Three phase 2 schemes have been approved to move to financial close and a further seven are in procurement. Services are expected to be delivered from a number of sites, which provide greater accessibility for patients, through phase 2 schemes in procurement. As part of the mobilisation process, through wave one there are two ISTC sites and through phase 2 there are three ISTC sites which are currently under construction.
At the end of October 2007, the cost of the procurement of wave 1 and phase 2 was approximately £157 million including all assessment, scoping, procurement and associated management, professional advisory and support costs.

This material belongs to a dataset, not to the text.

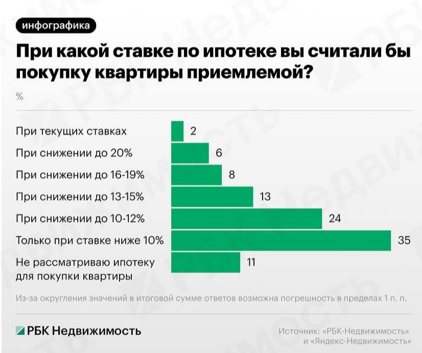 По данным совместного исследования «РБК Недвижимости» и «Яндекс Недвижимости», большинство россиян (59%) считают приемлемыми ставки по ипотеке от 12% годовых и ниже.При текущих ставках более 21% кредит готовы оформить лишь 2,3% опрошенных.За...

This figure includes the cost incurred during 2007-08 (to date) of £11 million.
The Department will conclude decisions on the remaining schemes by the end of March 2008. At this stage, in terms of year by year spend in establishing (procuring, mobilising and managing) the phase 2 ISTCs schemes in procurement, it is not possible to break down the costs further, as budgets have not been agreed for coming years.
The Department will work with preferred bidders in a systematic way to consider any compensation claims that may be brought on a case by case basis, with regard to withdrawn schemes. No specific funds are allocated for this, however, the overall budget does include general contingencies for unforeseen events.